St. Charles Community College
- Former name: St. Charles County Community College (1986–2001)
- Type: Public community college
- Established: 1986; 40 years ago
- Accreditation: Higher Learning Commission
- President: Barbara Kavalier
- Faculty: 82 full-time
- Administrative staff: 241 full-time
- Students: 6,400 (fall 2025)
- Location: St. Charles County, Missouri, United States 38°45′40″N 90°38′28″W﻿ / ﻿38.761°N 90.641°W
- Campus: Suburban;
- Colors: Maroon and gray
- Nickname: Cougars
- Sporting affiliations: NJCAA – MCCAC
- Mascot: Scooter McCougar
- Website: stchas.edu

= St. Charles Community College =

Public college in St. Charles, Missouri, US

St. Charles Community College (SCC) is a public community college in St. Charles County, Missouri in the St. Louis metropolitan area. While its main campus is located in Cottleville, its Dardenne Creek campus is located in Dardenne Prairie, and its Technical Campus Wentzville and Innovation Campus West are located in Wentzville.
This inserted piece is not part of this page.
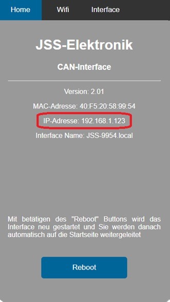 Nachdem das CAN-Interface neu gestartet wurde und Ihr PC/Laptop wieder in Ihrem WLAN befindet, können Sie das Interface nochmals mit seinem Namen oder der IP-Adresse im Internetbrowser aufrufen.

It offers associate degrees and certificate programs in the arts, business, sciences, and career-technical fields as well as workforce training and community-based personal and professional development. St. Charles Community College is accredited by the Higher Learning Commission.

==History==
On April 1, 1986, voters approved the formation of the St. Charles County Community College district. The first classes were held in June 1987, and classes were held in temporary locations for the next five years. On January 26, 1992, the school's original campus, consisting of four buildings, was completed.

In 2023, SCC began construction on its third campus, the Regional Workforce Innovation Center (RWIC), on 55 acres in Wentzville. Classes opened at RWIC in 2025.

==Academics==
SCC offers many majors, degrees and certificates.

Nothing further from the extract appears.